Research Summary: The promise of peer-to-peer trading? The potential impact of blockchain on the actor configuration in the Dutch electricity system

TLDR

• This paper uses Social Network Analysis (SNA) to provide insight into the future of the Dutch Local Energy Market which utilizes blockchain technology.
• The influence of blockchain technology on the functions within an existing system can be significant, yet it is not likely to be as disruptive and decentralizing as the mass media suggests.
• Blockchain should be considered a technology that opens opportunities for all actors to reconsider their existing roles rather than a technology that threatens them.

Core Research Question

How could the introduction of blockchain in the Dutch electricity system influence its actor configuration?

Citation

Buth, M. A., Wieczorek, A. A., & Verbong, G. G. (2019). The promise of peer-to-peer trading? The potential impact of blockchain on the actor configuration in the Dutch electricity system.

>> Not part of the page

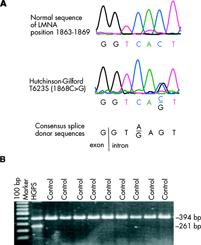 Sebep: Hastalığa LMNA geninde meydana gelen mutasyonlar neden olur. LMNA geni, lamin A adında bir protein kodlar ve bu protein hücre zarının bileşenidir. Mutasyon nedeni ile hatalı üretilen lamin A proteini hücre zarını kararsız hale getirerek hücre çekirdeğinin zarar görmesine sebep olur. Sonuç olarak, DNA replikasyonu gibi sayısız hücre bölünme süreci artık doğru şekilde çalışamaz.

Energy Research & Social Science, 53, 194-205. The promise of peer-to-peer trading? The potential impact of blockchain on the actor configuration in the Dutch electricity system - ScienceDirect

Background

• Social Network Analysis (SNA): A method that investigates social structures via networks and graph theory. The paper uses social network analysis techniques to: (1) define the P2P Electricity Markets’ internal development status of innovation niches and (2) investigate how it evolves over time.
• Quantitative SNA: Big data-oriented analysis, often using simple SNA surveys with massive participants.
• Qualitative SNA: Conducting interviews to collect and analyze data.
• Local Energy Markets (LEM): Markets that enable consumers and prosumers to trade energy within their community, facilitate (near) real-time pricing and assist the process of a local balance of supply and demand.

Summary

• How does blockchain help Dutch Local Energy Market (LEM)? LEM requires advanced information and communication technology that facilitates local energy generation, trading, near real-time pricing, and balancing and provides a secure way to do so. Blockchain is a technology that promises to do all of this.
• This paper considers the potential of blockchain technology to empower distributed and decentralized local electricity markets. Through social network analysis, this paper compares the existing system with the potential actor’s configuration and the corresponding expected shifts in functions and network position of the actors.

Method

• First, the authors of the paper define 13 actors in LEM based on a literature study.
• Then, the authors perform Quantitative and Qualitative SNA with 11 participants, who are managers or executives of LEM actors. During the Quantitative SNA survey, participants filled in two social network surveys where they were asked to attribute values to the degree of frequency of interaction with other actors in the network for the existing and the future electricity system.
• The qualitative SNA’s data was gathered and analyzed through network drawing exercises, where participants were required to draw lines representing the relationships between the actors on paper.
• After that, the authors analyzed the data, comparing several SNA metrics.

Results

• Below are the actors and definitions from the Literature study find:
  • Consumers: general energy users.
  • Prosumers: consumers can produce some energy on their own and resell it to the market, like having a solar power panel.
  • Electricity producers: generate power.
  • Market Operators: sell the power to the grid.
  • Transmission System Operator: maintaining the high-voltage grids.
  • Distribution System Operator: maintaining the low-voltage grids.
  • Balance Responsible Party/Trader: anticipate electricity usage of each party on the grid.
  • Data facilitator: Sharing data between network parties.
  • Metering company: Collect data and send it to the data facilitator.
  • Aggregators: manage demand response and offer technical or economic services to electricity actors
  • Charge Point Operators and Mobility Service Providers: electric car charger maintainers.
  • Authoriteit Consument en Markt (ACM): supervise and regulate the market
• The paper’s authors chose a total of 11 participants from each of the actors above except Consumers and Prosumers.
• Quantitative SNA

  • The authors provided several metrics and pictures about the current and future networks.

  • Current Network
    

  • Figure 1: The social network for current configurators. The thickness of the line represents the strength of the actors.

  • Future Network
    

  • Figure 2: The social network for current configurators. The thickness of the line represents the strength of the actors.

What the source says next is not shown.